**DESCRIPTION OF THE TASK:** Retype the listing below exactly, pictures removed.

**DATA SEGMENT:**

☆ ☆ ☆ ☆ ☆

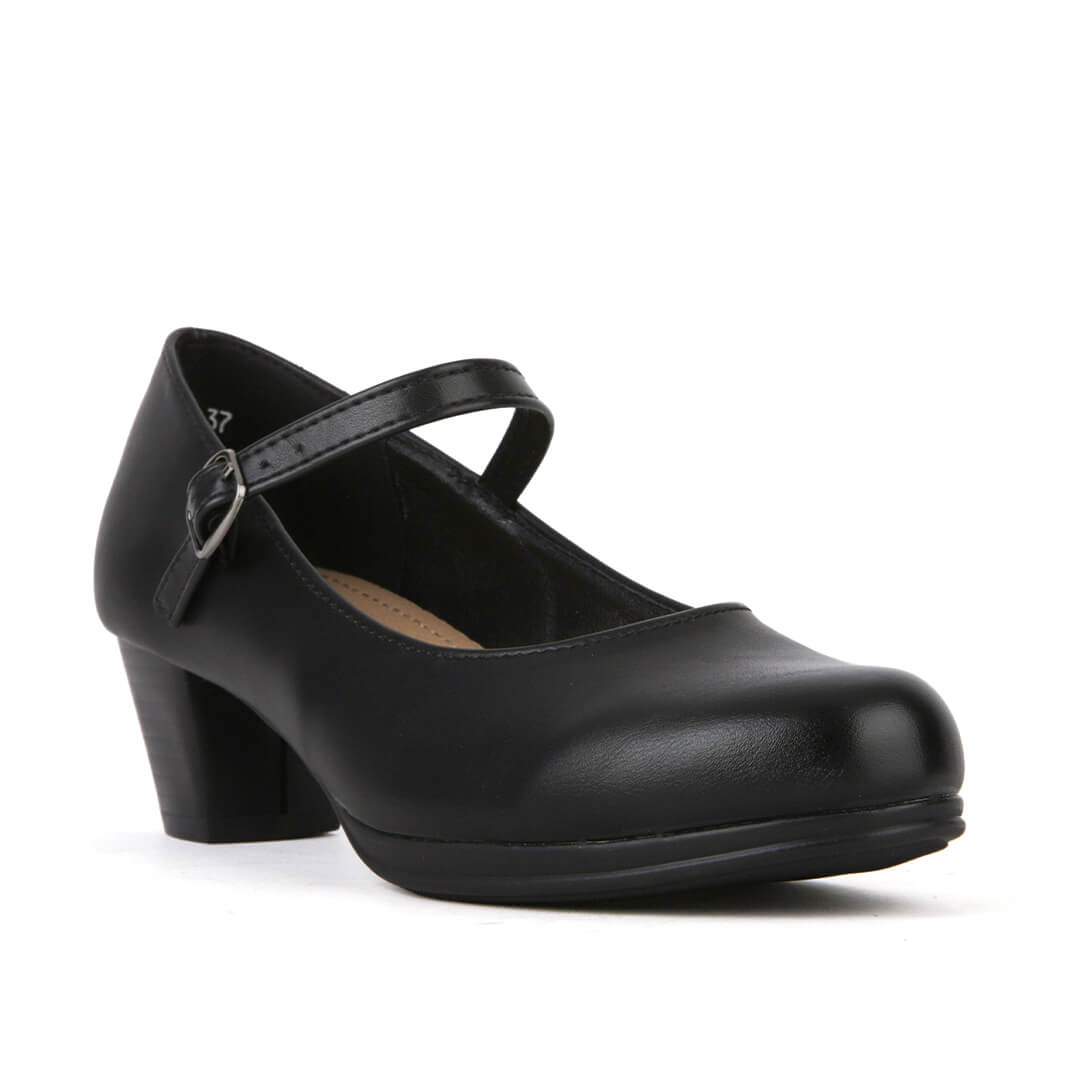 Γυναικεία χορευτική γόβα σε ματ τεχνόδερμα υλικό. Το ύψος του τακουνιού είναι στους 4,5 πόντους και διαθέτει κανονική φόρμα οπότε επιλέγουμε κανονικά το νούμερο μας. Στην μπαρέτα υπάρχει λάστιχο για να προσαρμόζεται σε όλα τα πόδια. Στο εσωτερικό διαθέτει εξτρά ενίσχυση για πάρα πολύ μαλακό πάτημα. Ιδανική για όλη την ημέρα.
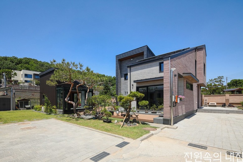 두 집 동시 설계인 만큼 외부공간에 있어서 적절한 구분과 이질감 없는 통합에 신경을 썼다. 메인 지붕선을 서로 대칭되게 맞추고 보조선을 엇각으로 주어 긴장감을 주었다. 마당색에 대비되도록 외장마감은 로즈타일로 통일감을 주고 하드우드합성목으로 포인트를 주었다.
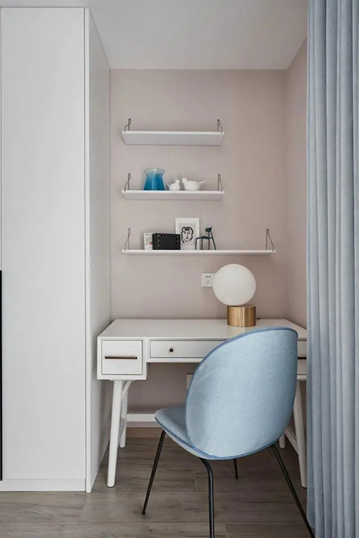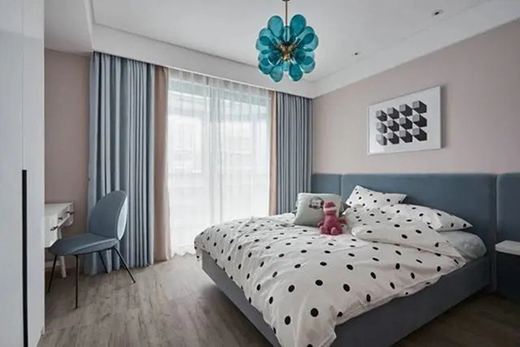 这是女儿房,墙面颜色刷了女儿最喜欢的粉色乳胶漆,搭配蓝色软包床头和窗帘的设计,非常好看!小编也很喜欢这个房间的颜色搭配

☆ ☆ ☆ ☆ ☆

**TASK RESPONSE:**
 Γυναικεία χορευτική γόβα σε ματ τεχνόδερμα υλικό. Το ύψος του τακουνιού είναι στους 4,5 πόντους και διαθέτει κανονική φόρμα οπότε επιλέγουμε κανονικά το νούμερο μας. Στην μπαρέτα υπάρχει λάστιχο για να προσαρμόζεται σε όλα τα πόδια. Στο εσωτερικό διαθέτει εξτρά ενίσχυση για πάρα πολύ μαλακό πάτημα. Ιδανική για όλη την ημέρα.
 두 집 동시 설계인 만큼 외부공간에 있어서 적절한 구분과 이질감 없는 통합에 신경을 썼다. 메인 지붕선을 서로 대칭되게 맞추고 보조선을 엇각으로 주어 긴장감을 주었다. 마당색에 대비되도록 외장마감은 로즈타일로 통일감을 주고 하드우드합성목으로 포인트를 주었다.
 这是女儿房,墙面颜色刷了女儿最喜欢的粉色乳胶漆,搭配蓝色软包床头和窗帘的设计,非常好看!小编也很喜欢这个房间的颜色搭配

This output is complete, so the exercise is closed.